The Memphis and Little Rock Railroad was chartered in the U.S. state of Arkansas in 1853. The line ran from Hopefield, Arkansas (now West Memphis) on the east, to Huntersville (now North Little Rock, Arkansas) on the west. The eastern third was completed in 1858 and the western third was built by 1862. During the American Civil War, the Union Army seized control of the line and used the western section to supply its occupation force in Little Rock. The center section was finally completed in 1871. The railroad was subjected to frequent damage from floods and suffered from financial problems. It was sold in 1873, 1877, 1887, 1898, and 1900 before eventually becoming part of the Chicago, Rock Island and Pacific Railroad (Rock Island).

==Pre-war==
The Memphis and Little Rock Railroad (M&LR) was chartered by the State of Arkansas on January 10, 1853. Construction of the 5 ft 6 in gauge railroad was estimated to cost $3.2 million. John H. Bradley & Company won the contract to build the line. The survey work began in 1854, but the first track was only laid in 1856 at Hopefield, across the Mississippi River from Memphis, Tennessee. By November 1858, the eastern third of the line was completed from Hopefield to Madison, Arkansas on the St. Francis River. Construction on the western section began in 1861 at Huntersville, across the Arkansas River from Little Rock. By 1862, the western third was completed as far as DeValls Bluff on the White River. Eastbound passengers took steamboats down the White River to Clarendon, Arkansas, where they boarded a stagecoach to Maidson, and later Brinkley, to connect to the eastern section of rail. The railroad, though incomplete in its central section, allowed travelers to go from Little Rock to Memphis an entire day faster than by steamboat alone.

==Civil War==
During the early part of the Civil War, Confederate soldiers were often transferred to Memphis via the eastern section of the M&LR. The Confederate army also used the railroad's machine shops at Hopefield to modernize rifles. The railroad desired to complete construction of the central section, but the Confederate government was unable to fund the effort. Union troops burned down the railroad shops at Hopefield on February 19, 1863.

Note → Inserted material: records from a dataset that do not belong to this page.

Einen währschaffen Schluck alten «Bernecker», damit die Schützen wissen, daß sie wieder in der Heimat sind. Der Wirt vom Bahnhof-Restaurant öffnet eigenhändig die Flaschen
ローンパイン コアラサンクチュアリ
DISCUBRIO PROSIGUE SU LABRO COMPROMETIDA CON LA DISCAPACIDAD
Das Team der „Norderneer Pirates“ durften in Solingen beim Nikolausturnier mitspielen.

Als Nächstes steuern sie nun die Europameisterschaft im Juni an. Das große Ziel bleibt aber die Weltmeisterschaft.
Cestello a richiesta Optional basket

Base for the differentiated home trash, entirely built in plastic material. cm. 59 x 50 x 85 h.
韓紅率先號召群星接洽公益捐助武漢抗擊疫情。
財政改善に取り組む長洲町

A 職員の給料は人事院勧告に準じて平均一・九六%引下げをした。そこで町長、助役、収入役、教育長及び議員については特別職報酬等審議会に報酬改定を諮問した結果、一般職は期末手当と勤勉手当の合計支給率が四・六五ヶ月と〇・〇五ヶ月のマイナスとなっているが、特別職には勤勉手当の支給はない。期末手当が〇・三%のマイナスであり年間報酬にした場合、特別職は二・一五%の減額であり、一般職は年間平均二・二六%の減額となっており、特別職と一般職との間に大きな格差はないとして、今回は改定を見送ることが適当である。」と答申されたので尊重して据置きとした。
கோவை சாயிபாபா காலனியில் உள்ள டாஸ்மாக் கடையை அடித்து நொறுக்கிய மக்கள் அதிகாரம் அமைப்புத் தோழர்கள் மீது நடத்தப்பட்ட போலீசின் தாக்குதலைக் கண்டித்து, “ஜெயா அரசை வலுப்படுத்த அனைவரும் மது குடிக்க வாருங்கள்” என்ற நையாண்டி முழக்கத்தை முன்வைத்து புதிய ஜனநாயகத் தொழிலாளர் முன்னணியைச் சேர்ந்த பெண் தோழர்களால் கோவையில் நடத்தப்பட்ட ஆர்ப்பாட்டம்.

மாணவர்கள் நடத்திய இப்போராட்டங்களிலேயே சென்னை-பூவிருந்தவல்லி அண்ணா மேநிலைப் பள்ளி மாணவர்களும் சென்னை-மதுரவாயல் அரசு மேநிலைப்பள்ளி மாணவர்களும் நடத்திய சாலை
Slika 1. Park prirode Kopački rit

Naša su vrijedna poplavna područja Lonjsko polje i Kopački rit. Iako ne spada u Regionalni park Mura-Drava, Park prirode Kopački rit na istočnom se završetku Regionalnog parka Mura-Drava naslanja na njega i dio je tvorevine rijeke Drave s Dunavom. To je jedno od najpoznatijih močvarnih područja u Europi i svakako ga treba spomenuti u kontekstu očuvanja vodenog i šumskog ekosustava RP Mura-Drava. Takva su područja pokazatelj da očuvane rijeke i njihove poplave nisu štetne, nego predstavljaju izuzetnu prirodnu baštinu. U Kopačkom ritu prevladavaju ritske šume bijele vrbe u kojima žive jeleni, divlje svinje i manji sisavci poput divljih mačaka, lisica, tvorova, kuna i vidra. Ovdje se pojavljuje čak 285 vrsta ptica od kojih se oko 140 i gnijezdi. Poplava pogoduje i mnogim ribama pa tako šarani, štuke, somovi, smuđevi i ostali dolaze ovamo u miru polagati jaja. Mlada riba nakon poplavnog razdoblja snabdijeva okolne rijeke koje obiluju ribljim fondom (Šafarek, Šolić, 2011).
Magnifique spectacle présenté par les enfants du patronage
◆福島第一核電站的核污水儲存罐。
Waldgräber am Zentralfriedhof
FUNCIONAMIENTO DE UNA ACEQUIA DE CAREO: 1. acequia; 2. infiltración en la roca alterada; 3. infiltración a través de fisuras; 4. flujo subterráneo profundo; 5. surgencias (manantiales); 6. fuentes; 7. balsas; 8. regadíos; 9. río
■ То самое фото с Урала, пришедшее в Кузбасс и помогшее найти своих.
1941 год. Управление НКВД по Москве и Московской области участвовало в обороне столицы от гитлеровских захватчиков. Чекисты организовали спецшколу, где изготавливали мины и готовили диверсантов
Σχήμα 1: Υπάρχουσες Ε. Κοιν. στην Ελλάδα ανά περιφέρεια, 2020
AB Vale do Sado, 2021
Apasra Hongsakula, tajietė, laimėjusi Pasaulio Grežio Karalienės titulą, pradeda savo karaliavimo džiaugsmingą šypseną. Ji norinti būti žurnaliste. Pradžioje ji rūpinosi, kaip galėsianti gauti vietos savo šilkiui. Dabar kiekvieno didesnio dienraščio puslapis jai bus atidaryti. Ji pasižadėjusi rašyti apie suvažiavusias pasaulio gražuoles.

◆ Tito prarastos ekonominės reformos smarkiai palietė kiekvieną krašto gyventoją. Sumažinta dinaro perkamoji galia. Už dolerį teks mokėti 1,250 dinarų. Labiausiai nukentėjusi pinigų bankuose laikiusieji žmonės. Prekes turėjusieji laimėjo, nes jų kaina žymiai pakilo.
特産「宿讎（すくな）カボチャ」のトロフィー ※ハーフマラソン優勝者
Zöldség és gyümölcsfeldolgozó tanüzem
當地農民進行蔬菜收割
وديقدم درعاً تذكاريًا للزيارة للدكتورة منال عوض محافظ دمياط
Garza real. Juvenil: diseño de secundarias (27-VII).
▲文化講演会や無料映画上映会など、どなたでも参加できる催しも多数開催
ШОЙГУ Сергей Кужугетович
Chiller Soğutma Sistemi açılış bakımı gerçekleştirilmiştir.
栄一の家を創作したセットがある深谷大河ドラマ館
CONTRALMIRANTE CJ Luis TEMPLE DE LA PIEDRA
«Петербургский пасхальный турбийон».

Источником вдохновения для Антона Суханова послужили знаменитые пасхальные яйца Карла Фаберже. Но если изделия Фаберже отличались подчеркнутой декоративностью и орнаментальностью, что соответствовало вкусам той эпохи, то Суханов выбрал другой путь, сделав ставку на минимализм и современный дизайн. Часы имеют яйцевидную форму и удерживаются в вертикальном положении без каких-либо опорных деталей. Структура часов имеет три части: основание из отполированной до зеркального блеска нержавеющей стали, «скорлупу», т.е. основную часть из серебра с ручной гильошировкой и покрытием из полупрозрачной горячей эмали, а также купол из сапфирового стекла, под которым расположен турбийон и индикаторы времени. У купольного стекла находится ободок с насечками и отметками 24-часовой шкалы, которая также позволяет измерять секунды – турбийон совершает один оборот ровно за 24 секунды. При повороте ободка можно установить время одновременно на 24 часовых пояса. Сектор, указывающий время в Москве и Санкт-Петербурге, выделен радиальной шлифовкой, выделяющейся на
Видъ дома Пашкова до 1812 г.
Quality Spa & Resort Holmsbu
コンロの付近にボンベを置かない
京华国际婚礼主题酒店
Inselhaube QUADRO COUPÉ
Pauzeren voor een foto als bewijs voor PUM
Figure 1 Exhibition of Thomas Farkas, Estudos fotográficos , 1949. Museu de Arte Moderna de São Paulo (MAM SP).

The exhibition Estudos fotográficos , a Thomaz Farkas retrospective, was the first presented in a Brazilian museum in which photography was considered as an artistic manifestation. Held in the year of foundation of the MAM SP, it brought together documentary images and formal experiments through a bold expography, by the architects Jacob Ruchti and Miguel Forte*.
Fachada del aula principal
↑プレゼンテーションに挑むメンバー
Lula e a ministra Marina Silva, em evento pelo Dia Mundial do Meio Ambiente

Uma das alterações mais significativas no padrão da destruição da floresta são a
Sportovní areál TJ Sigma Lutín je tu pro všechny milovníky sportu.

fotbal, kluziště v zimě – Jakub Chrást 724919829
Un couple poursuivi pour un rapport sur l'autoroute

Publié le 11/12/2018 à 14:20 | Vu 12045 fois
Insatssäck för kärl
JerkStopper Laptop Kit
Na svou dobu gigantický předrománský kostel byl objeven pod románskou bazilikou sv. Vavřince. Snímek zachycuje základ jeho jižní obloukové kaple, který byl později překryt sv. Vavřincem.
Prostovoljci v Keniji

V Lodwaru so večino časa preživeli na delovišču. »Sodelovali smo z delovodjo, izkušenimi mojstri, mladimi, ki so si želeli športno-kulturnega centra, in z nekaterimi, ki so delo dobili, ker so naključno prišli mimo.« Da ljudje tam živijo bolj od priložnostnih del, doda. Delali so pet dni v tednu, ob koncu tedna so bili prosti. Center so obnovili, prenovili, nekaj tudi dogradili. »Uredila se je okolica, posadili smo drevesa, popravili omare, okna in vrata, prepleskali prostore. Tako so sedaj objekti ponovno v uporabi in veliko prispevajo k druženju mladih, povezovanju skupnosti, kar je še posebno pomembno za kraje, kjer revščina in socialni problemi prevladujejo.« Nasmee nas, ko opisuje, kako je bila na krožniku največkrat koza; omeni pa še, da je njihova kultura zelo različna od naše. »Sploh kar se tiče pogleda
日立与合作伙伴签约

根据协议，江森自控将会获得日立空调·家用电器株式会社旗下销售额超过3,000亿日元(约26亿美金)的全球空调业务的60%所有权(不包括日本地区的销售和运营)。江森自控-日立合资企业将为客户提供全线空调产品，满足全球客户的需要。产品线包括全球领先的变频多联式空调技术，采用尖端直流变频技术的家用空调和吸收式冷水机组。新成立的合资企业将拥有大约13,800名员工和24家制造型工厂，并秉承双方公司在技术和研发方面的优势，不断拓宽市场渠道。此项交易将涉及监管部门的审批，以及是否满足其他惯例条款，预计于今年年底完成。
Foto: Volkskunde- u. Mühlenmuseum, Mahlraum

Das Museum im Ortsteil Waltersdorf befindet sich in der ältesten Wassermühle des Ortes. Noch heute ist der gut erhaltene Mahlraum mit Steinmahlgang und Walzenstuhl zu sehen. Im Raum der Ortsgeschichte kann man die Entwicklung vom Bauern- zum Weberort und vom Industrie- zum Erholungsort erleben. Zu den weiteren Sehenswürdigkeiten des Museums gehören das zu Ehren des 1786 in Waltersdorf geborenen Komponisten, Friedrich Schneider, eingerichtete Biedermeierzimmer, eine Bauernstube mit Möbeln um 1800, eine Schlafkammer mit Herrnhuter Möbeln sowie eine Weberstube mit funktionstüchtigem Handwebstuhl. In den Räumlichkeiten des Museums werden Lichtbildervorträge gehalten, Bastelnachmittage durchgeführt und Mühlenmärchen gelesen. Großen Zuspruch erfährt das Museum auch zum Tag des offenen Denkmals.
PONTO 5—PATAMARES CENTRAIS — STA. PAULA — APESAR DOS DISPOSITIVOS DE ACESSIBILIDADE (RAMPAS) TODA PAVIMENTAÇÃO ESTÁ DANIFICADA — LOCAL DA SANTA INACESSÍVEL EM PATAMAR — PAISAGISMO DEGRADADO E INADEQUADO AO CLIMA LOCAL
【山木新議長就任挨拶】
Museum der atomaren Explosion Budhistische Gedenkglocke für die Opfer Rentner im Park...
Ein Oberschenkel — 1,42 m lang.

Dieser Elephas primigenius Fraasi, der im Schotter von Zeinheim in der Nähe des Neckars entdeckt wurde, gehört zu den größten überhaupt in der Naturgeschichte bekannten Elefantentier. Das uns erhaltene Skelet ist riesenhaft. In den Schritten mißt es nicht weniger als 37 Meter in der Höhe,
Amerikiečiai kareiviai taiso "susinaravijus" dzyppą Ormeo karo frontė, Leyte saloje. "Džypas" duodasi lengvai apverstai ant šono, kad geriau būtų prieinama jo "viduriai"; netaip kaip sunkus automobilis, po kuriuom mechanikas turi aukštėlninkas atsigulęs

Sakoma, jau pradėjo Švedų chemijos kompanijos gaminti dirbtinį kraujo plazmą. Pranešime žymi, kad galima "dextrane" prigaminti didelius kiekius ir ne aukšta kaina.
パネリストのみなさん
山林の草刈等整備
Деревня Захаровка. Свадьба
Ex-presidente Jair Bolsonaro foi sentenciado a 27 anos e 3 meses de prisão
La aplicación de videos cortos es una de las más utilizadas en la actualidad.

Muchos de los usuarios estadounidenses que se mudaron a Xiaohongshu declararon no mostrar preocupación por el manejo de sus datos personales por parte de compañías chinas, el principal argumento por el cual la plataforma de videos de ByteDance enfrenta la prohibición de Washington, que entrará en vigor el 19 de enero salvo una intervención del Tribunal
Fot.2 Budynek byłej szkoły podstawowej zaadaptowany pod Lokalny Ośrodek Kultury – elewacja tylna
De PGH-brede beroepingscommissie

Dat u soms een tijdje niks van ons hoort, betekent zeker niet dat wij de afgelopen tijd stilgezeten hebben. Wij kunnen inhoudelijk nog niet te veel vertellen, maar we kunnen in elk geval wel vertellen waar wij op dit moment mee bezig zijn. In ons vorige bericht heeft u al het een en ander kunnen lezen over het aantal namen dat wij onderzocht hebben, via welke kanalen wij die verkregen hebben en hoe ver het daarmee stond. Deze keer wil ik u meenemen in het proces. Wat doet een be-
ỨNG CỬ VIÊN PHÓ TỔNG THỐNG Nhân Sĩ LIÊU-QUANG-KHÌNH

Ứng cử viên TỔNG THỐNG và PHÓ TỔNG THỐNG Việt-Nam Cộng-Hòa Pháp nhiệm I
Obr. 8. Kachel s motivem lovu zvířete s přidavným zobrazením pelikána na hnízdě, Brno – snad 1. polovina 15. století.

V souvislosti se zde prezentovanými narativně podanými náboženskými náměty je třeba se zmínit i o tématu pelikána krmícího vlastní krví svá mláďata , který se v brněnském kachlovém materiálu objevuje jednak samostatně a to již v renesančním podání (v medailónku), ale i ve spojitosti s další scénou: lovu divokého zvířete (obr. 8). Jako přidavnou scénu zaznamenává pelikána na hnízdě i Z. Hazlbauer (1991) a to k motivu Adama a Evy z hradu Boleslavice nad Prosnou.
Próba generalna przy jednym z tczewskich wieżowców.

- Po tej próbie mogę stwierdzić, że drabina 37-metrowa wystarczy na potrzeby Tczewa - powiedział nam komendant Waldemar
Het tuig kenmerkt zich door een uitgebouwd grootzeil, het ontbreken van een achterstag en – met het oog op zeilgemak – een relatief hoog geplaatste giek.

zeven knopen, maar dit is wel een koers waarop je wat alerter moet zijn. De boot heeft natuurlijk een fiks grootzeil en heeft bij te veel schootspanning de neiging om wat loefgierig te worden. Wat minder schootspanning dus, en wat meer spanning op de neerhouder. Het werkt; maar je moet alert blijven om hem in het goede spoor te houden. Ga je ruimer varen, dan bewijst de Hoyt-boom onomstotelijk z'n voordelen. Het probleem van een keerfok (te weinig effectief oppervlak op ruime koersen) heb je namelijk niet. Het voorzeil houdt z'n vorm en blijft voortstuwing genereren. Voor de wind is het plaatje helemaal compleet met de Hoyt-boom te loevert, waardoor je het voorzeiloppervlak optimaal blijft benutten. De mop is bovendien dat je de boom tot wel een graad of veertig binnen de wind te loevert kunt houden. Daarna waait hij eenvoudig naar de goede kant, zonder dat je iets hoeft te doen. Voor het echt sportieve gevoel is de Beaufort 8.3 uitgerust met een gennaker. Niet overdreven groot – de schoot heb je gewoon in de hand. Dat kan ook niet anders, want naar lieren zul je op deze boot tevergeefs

The fall of Vicksburg on July 4, 1863, freed enough Federal forces to attempt the conquest of Little Rock. In August 1863, Union Major General Frederick Steele assembled two infantry divisions at Helena, Arkansas while Brigadier General John Wynn Davidson moved south from Missouri with a 6,000-man cavalry division. By August 18, Steele's combined force of 13,000 troops (soon reinforced to 14,500) and 57 artillery pieces reached DeValls Bluff. Confederate Major General Sterling Price defended Little Rock with 7,749 soldiers. After Davidson's cavalry crossed the Arkansas River and defeated the Confederate cavalry in the Battle of Bayou Fourche on September 10, 1863, Price abandoned Little Rock and Steele's troops marched into the city.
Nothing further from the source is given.